● Activity
Within the listing below, give again exactly the lines between the one containing "大老婆小寶貝❤海軍風條紋貝殼女寶寶上衣+小褲套裝(80/90/100) | Yahoo拍賣" and the one containing "Năm 2014, tổng", inclusive, pictures left aside.

● Data to process
* * * * * * *
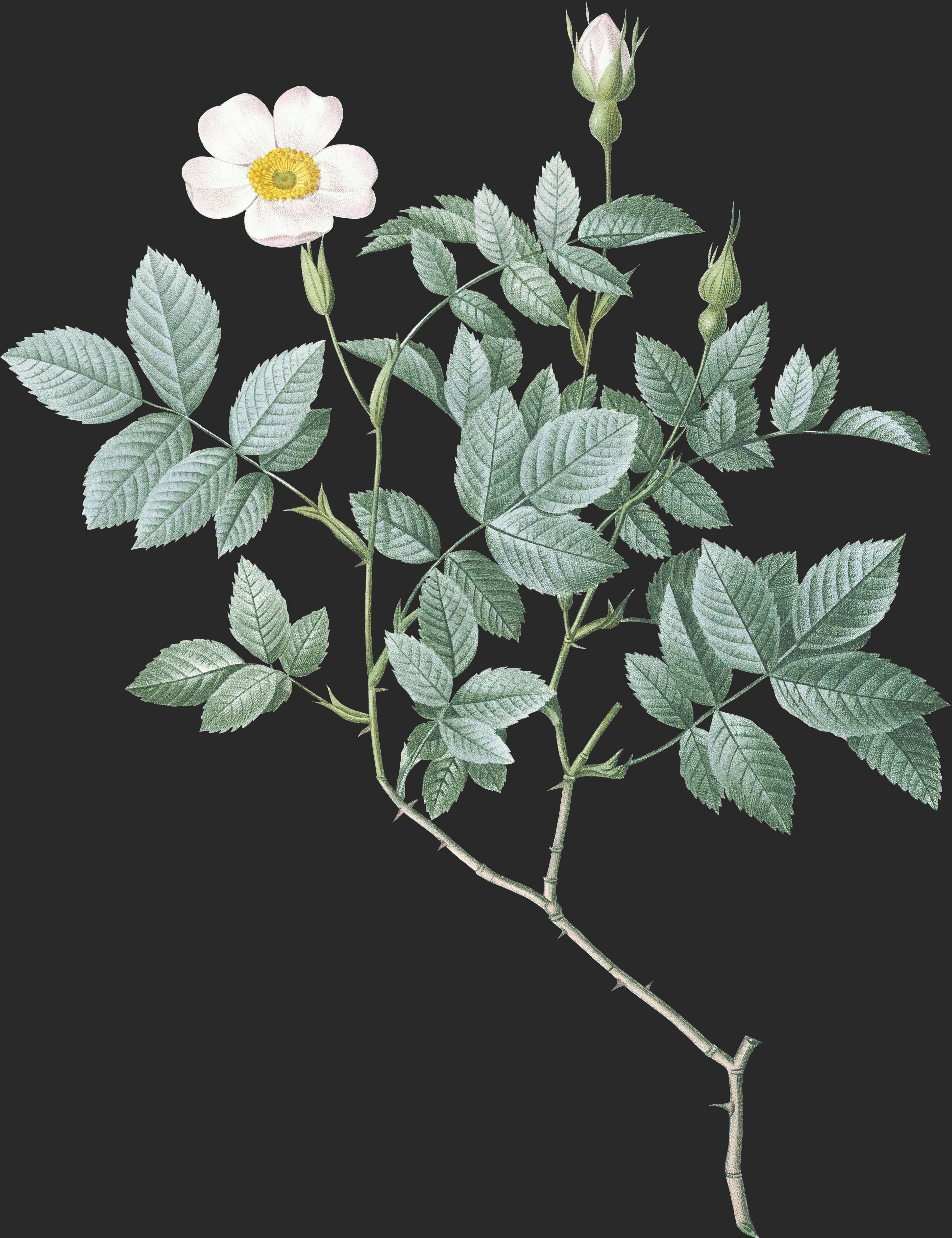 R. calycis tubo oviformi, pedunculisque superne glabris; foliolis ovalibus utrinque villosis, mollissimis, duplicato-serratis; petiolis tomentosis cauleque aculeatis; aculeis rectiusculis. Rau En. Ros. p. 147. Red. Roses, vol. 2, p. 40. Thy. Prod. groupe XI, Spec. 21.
* * * * * * *
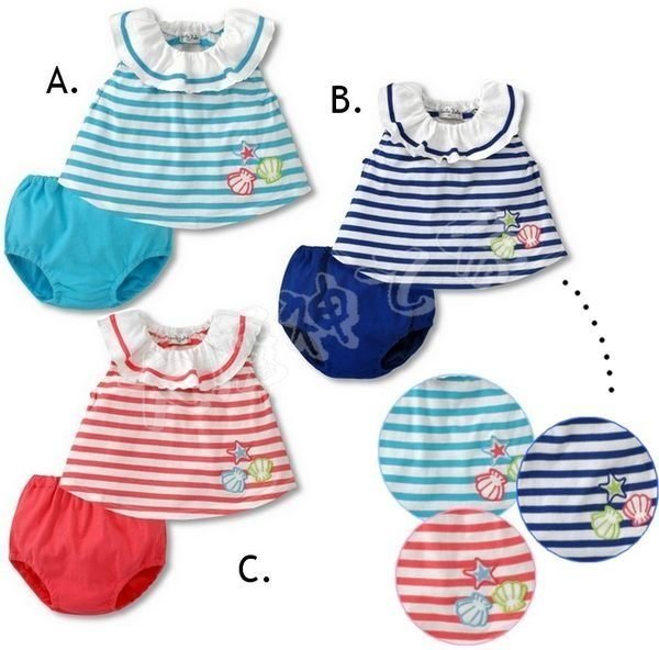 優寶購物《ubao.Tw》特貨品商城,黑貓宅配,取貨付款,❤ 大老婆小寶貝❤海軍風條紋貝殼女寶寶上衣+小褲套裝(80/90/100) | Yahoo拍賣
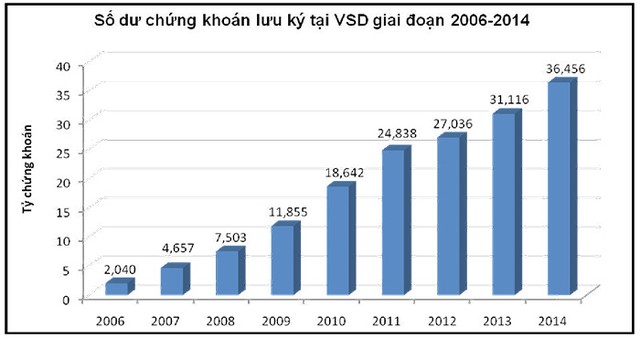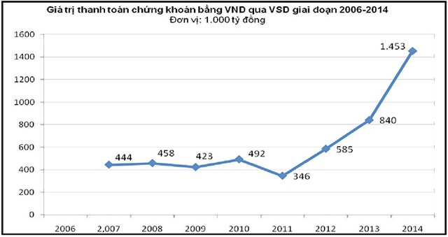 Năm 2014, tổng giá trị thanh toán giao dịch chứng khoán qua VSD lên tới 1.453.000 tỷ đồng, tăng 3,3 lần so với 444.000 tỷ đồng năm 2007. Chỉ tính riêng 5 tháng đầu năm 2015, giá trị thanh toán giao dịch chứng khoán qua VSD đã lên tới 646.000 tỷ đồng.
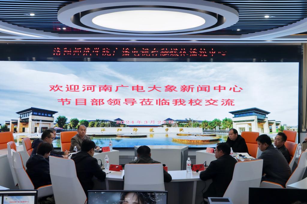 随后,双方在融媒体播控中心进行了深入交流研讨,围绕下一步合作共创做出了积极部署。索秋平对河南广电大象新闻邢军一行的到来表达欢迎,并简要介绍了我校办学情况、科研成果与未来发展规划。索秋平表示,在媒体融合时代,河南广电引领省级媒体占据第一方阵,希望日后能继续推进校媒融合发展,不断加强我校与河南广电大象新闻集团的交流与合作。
* * * * * * *
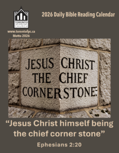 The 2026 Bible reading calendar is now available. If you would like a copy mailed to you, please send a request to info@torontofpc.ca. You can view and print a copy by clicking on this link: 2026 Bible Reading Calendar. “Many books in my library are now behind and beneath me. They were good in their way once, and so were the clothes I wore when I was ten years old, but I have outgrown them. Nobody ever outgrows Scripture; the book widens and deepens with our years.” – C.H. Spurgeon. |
* * * * * * *
● Reply
 優寶購物《ubao.Tw》特貨品商城,黑貓宅配,取貨付款,❤ 大老婆小寶貝❤海軍風條紋貝殼女寶寶上衣+小褲套裝(80/90/100) | Yahoo拍賣
 Năm 2014, tổng giá trị thanh toán giao dịch chứng khoán qua VSD lên tới 1.453.000 tỷ đồng, tăng 3,3 lần so với 444.000 tỷ đồng năm 2007. Chỉ tính riêng 5 tháng đầu năm 2015, giá trị thanh toán giao dịch chứng khoán qua VSD đã lên tới 646.000 tỷ đồng.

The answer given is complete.